↓↓↓

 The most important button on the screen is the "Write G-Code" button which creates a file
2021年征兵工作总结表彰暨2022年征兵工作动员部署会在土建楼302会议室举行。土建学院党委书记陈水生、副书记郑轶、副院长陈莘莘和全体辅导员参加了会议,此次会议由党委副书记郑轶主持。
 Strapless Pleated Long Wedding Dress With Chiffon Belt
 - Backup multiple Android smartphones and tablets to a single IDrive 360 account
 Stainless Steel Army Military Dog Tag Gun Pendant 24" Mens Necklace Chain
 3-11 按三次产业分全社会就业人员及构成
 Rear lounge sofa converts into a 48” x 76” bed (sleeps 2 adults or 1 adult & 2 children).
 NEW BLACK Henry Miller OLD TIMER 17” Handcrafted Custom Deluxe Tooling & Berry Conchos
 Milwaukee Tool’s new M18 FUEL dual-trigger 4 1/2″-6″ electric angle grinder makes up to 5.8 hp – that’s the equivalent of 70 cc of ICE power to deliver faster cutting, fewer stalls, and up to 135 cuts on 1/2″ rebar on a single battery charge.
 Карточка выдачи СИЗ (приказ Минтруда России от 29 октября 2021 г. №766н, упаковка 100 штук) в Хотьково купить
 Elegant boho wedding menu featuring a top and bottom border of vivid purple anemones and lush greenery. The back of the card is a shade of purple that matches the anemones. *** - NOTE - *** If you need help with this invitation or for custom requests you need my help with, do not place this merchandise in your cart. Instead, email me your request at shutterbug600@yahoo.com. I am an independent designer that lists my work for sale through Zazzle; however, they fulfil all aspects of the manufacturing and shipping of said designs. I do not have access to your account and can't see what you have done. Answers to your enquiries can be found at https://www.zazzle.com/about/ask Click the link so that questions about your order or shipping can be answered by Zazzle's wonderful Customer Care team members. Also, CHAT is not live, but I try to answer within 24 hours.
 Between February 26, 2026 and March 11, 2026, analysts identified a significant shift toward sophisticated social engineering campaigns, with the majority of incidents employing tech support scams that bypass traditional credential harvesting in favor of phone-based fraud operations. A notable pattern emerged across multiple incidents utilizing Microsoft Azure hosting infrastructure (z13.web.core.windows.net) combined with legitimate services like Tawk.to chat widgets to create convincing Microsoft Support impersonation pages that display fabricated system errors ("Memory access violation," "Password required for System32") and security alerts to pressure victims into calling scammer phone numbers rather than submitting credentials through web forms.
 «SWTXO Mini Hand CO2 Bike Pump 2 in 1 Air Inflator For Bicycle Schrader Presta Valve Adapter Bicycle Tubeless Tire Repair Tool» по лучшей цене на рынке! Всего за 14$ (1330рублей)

↑↑↑

- _Task objective_:
Your answer should consist of the lines from the listing that hold the word "single".

- _Written response_:
 - Backup multiple Android smartphones and tablets to a single IDrive 360 account
 Milwaukee Tool’s new M18 FUEL dual-trigger 4 1/2″-6″ electric angle grinder makes up to 5.8 hp – that’s the equivalent of 70 cc of ICE power to deliver faster cutting, fewer stalls, and up to 135 cuts on 1/2″ rebar on a single battery charge.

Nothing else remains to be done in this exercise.